The words “sub secreto” were stamped clearly on the cover. While the meaning of “sub secreto” in a Roman context is highly nuanced and has many levels of interpretation, I will follow the strict interpretation of this expression and tell you everything about the propositions without revealing anything of their contents! (If I do otherwise, the Swiss Guards will be writing this diary entry tomorrow night, while the Sistine Choir is singing numerous verses of ” Arrivederci Roma” in my honor).
The 253 synodal fathers submitted 254 synodal propositions last weekend. During the first editing session, led by the “relatore generale” — Cardinal Marc Ouellet — and his team of experts, this number was brought down to 106. In the final editing process, which took into consideration duplications, similar issues, etc., the number was brought to 53 propositions.

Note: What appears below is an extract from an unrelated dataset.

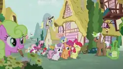 ![]() After earning their cutie marks, the Cutie Mark Crusaders lead a parade through Ponyville to celebrate their accomplishments | |
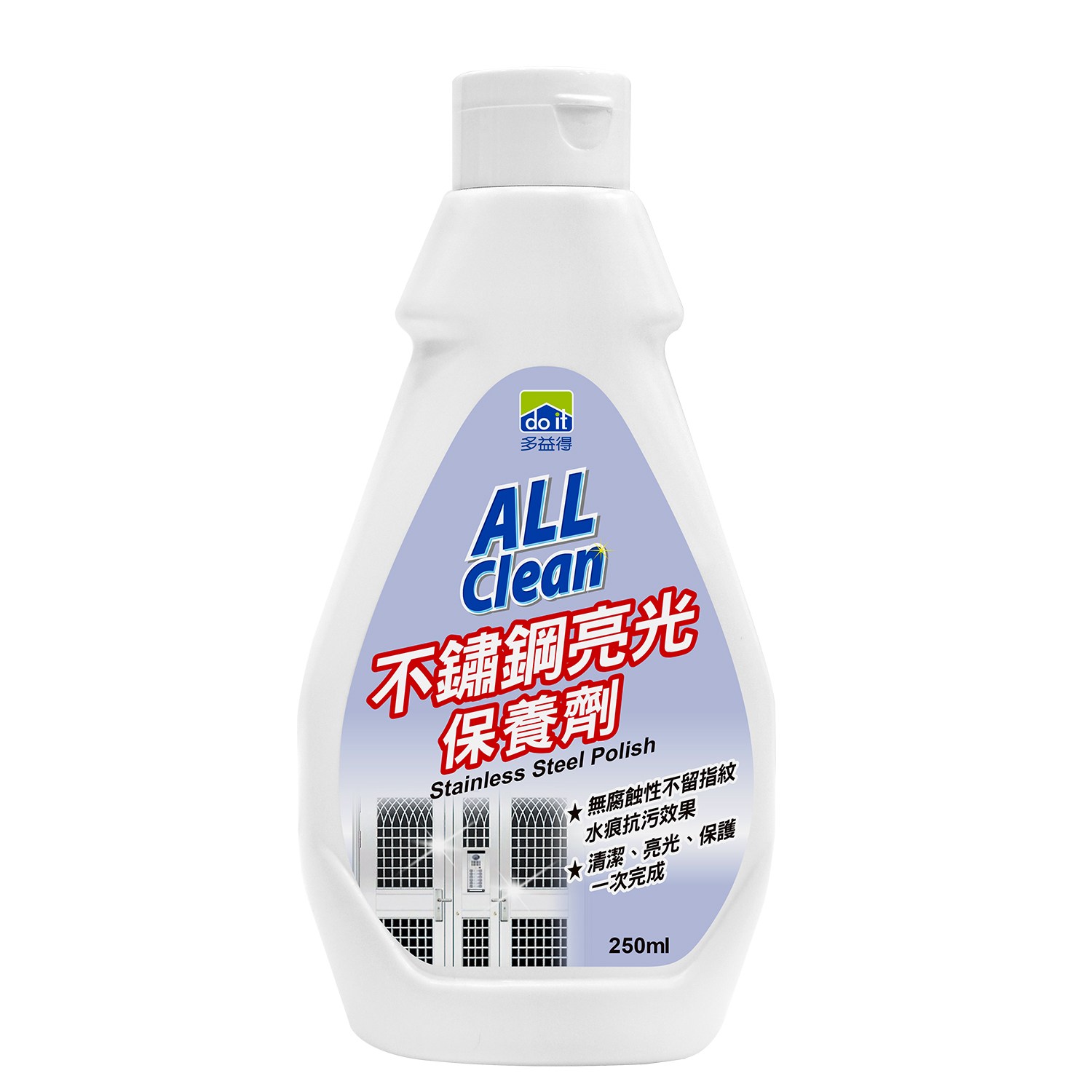 居家或戶外環境常採用不鏽鋼門窗、不鏽鋼製品等等,但風吹日曬下仍容易出現汙黑及表面氧化失去光澤。這款【All Clean不鏽鋼亮光保養劑 250ml】高效率環保配方,無腐蝕性、能安全使用於不銹鋼材質,形成一層分子保護膜、增加表面亮光,有效防止手痕附著、水漬痕跡、皂垢殘留以及隔絕靜電,讓灰塵不易附著在不鏽鋼表面。

Alternating back and forth, Cardinal Ouellet and Archbishop Laurent Monsengwo Pasinya of Kinshasa, Congo, the special secretary for the synod, began reading the 53 propositions in Latin before the Pope and the entire assembly. The cadence kept up for well over 75 minutes and one almost felt the need to respond to each proposition with “ora pro nobis.” Those sitting at the head table have a very good handle on the Latin language.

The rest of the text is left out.